• **Records provided**
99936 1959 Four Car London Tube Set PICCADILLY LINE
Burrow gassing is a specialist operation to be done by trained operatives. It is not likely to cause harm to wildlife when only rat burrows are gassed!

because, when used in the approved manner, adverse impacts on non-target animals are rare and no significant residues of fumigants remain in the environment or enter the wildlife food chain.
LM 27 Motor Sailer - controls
--
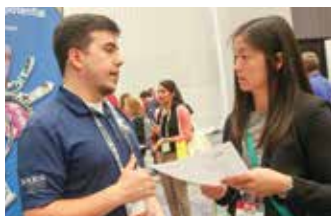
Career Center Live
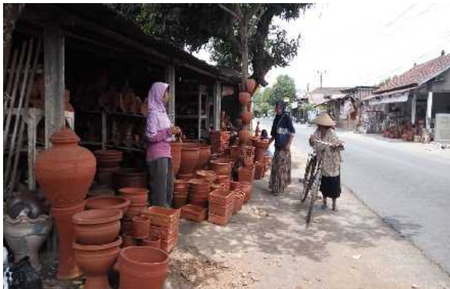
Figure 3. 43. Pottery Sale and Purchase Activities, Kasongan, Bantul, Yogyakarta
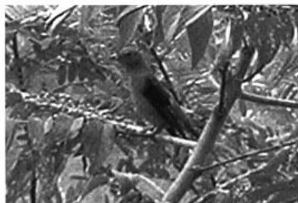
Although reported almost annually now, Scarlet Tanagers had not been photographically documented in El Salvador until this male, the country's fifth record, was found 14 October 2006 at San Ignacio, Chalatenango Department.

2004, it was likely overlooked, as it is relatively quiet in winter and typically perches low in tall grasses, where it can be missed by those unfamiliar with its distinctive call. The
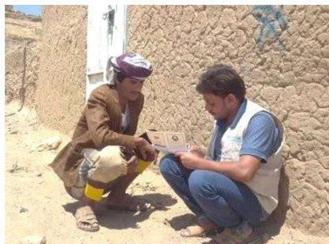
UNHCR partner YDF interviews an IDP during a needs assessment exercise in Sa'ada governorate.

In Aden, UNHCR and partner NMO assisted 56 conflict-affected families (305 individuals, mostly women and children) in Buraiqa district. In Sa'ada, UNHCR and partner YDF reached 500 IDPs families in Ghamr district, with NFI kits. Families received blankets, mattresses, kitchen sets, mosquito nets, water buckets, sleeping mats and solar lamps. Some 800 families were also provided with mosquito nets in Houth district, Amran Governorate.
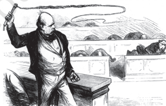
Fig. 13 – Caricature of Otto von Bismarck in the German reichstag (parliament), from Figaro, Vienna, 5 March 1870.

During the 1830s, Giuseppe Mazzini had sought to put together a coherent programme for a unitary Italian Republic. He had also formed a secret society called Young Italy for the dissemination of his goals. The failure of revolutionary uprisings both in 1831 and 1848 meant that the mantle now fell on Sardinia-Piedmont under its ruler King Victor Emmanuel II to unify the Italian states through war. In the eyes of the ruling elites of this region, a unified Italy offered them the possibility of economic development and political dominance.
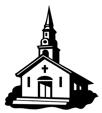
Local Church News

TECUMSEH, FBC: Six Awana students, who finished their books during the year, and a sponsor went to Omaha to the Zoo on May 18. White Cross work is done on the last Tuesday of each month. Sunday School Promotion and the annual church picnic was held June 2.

• **Directions for this task**
Show the lines of the entries that include the string "when", copying each in full.

• **Output of the task**
Burrow gassing is a specialist operation to be done by trained operatives. It is not likely to cause harm to wildlife when only rat burrows are gassed!
because, when used in the approved manner, adverse impacts on non-target animals are rare and no significant residues of fumigants remain in the environment or enter the wildlife food chain.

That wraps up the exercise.